PROVIDED RECORDS:
═══

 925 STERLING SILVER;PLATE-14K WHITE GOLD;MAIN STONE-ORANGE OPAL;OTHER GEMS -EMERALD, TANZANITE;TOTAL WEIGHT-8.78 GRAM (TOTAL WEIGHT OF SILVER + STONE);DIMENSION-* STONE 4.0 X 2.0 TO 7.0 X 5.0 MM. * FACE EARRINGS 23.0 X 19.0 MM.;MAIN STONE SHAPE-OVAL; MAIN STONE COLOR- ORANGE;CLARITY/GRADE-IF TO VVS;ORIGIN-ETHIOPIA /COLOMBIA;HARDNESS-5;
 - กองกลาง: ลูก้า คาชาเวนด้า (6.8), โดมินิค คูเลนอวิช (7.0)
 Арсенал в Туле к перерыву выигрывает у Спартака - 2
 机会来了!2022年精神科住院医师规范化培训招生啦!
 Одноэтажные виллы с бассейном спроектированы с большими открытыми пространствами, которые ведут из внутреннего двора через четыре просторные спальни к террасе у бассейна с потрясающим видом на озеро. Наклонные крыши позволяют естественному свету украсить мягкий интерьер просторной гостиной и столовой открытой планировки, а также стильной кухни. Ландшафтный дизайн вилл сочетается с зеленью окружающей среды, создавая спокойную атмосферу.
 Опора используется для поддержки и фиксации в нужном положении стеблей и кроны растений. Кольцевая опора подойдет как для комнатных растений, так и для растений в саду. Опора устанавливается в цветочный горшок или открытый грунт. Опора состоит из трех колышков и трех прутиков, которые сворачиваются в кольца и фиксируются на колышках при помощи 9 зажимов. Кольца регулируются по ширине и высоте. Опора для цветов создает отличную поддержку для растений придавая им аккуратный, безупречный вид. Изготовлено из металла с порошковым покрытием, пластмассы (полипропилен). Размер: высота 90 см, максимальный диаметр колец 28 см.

═══

Retype exactly, and only, the lines above from the one where "Арсенал в Туле" occurs up to and including the one where "Одноэтажные виллы с" occurs.

 Арсенал в Туле к перерыву выигрывает у Спартака - 2
 机会来了!2022年精神科住院医师规范化培训招生啦!
 Одноэтажные виллы с бассейном спроектированы с большими открытыми пространствами, которые ведут из внутреннего двора через четыре просторные спальни к террасе у бассейна с потрясающим видом на озеро. Наклонные крыши позволяют естественному свету украсить мягкий интерьер просторной гостиной и столовой открытой планировки, а также стильной кухни. Ландшафтный дизайн вилл сочетается с зеленью окружающей среды, создавая спокойную атмосферу.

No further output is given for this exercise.